◆ **Your instructions**
Take the line containing "Payment Technological Innovation" and every line after it to the end of the records, and copy them exactly, excluding pictures.

◆ **Data to process**
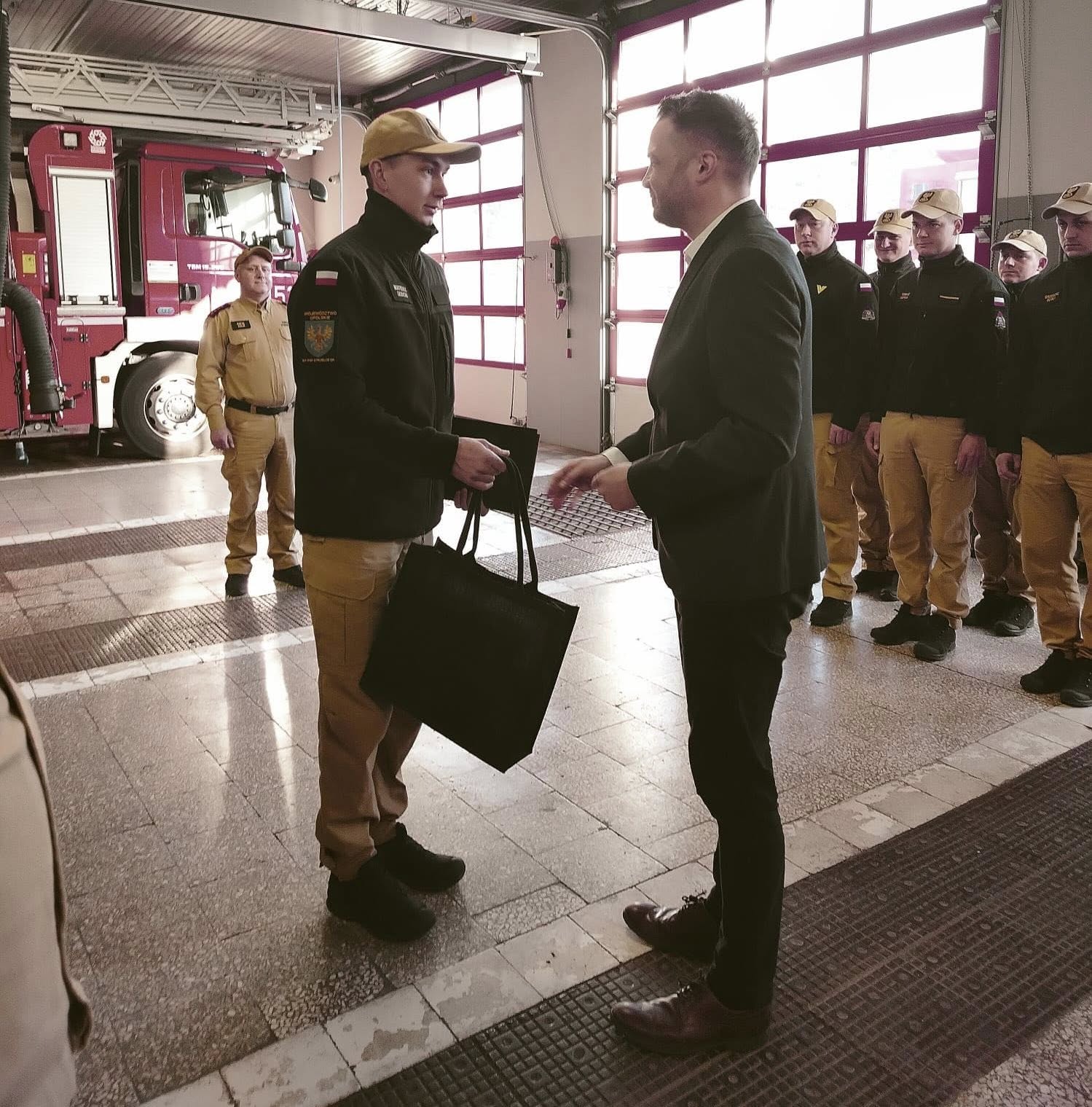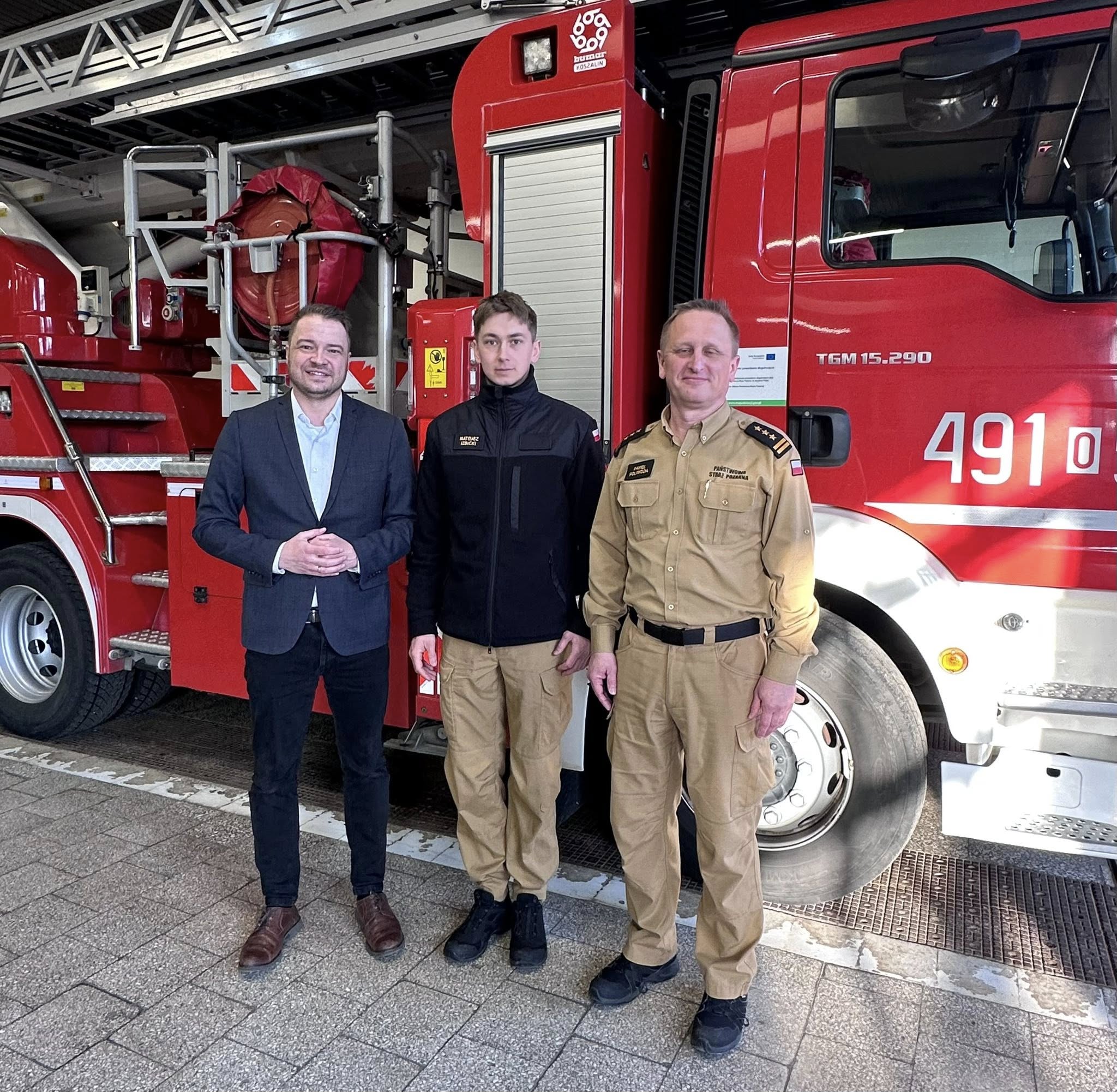 Słowa uznania i gratulacje strażakowi złożył również Burmistrz Ujazdu Hubert Ibrom, podkreślając, że postawa Mateusza Izbickiego jest wzorem do naśladowania i dowodem na to, jak ogromne znaczenie ma gotowość do niesienia pomocy drugiemu człowiekowi – niezależnie od miejsca i czasu. Burmistrz zaznaczył, że takie zachowanie buduje poczucie bezpieczeństwa wśród mieszkańców oraz pokazuje, jak ważną rolę w lokalnej społeczności odgrywają strażacy. Wyraził również wdzięczność za zaangażowanie, profesjonalizm oraz poświęcenie, które na co dzień towarzyszą służbie.
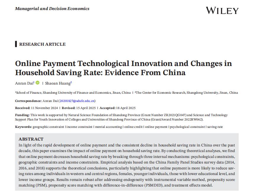 yl88858永利集团讲师戴安然作为第一作者兼通讯作者与山东大学经济研究院黄少安教授合作的论文《Online Payment Technological Innovation and Changes in Household Saving Rate: Evidence From China》,于2025年4月在期刊《Managerial and Decision Economics》发表。该期刊为ABS二星期刊、SSCI二区期刊,期刊最新影响因子为2.5,属我校A2类期刊。
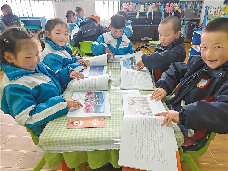 圖為孩子們興致勃勃地閱讀獲贈(zèng)的書(shū)籍。
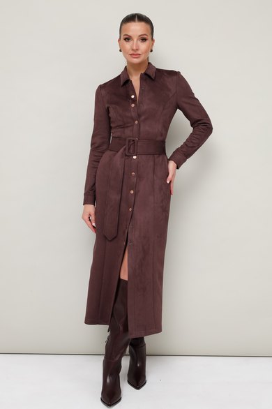 Силуэтное платье в длине миди, выполнено из экозамши.
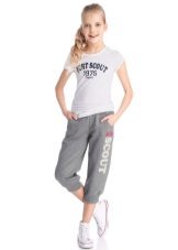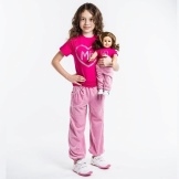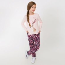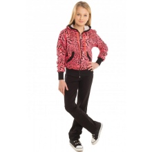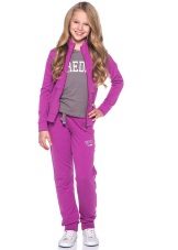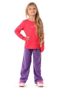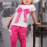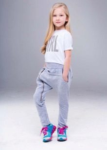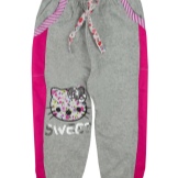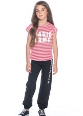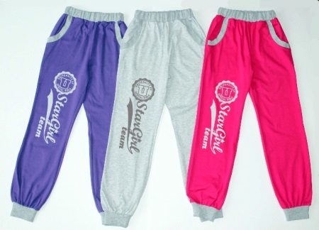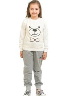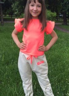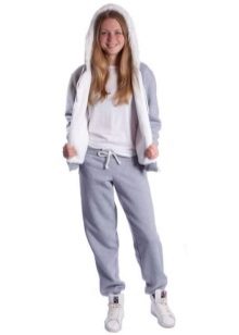 Mädchen neigen zu Veloursoptionen: Sie fühlen sich gut am Körper an und werden in der Regel in mädchenhaften Farben mit Drucken hergestellt. Es erscheinen modische Details: zum Beispiel Baggy im Gesäß.
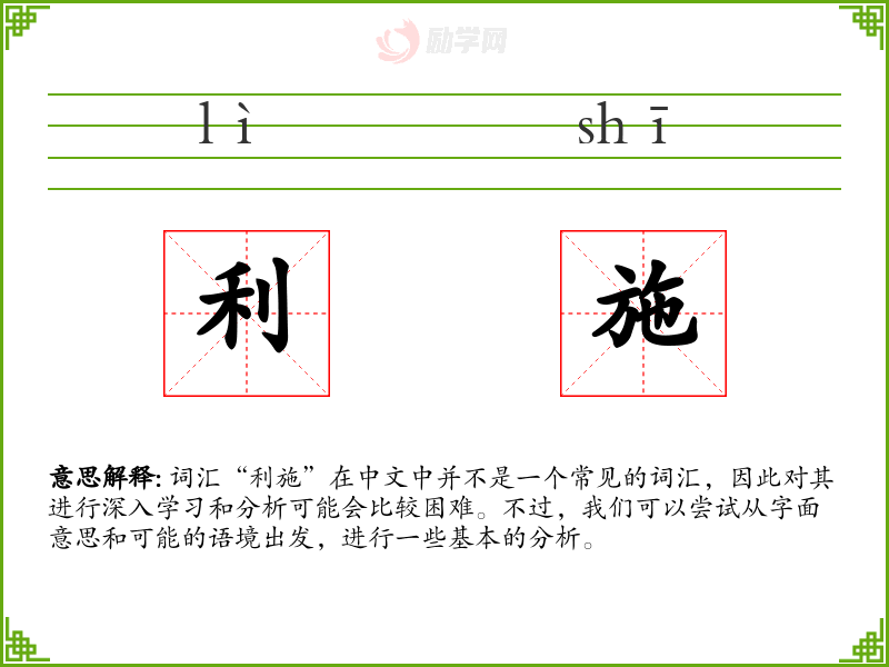 结合起来,“利施”可能指的是给予或施加利益、好处的行为或过程。

◆ **Exercise response**
 yl88858永利集团讲师戴安然作为第一作者兼通讯作者与山东大学经济研究院黄少安教授合作的论文《Online Payment Technological Innovation and Changes in Household Saving Rate: Evidence From China》,于2025年4月在期刊《Managerial and Decision Economics》发表。该期刊为ABS二星期刊、SSCI二区期刊,期刊最新影响因子为2.5,属我校A2类期刊。
 圖為孩子們興致勃勃地閱讀獲贈(zèng)的書(shū)籍。
 Силуэтное платье в длине миди, выполнено из экозамши.
 Mädchen neigen zu Veloursoptionen: Sie fühlen sich gut am Körper an und werden in der Regel in mädchenhaften Farben mit Drucken hergestellt. Es erscheinen modische Details: zum Beispiel Baggy im Gesäß.
 结合起来,“利施”可能指的是给予或施加利益、好处的行为或过程。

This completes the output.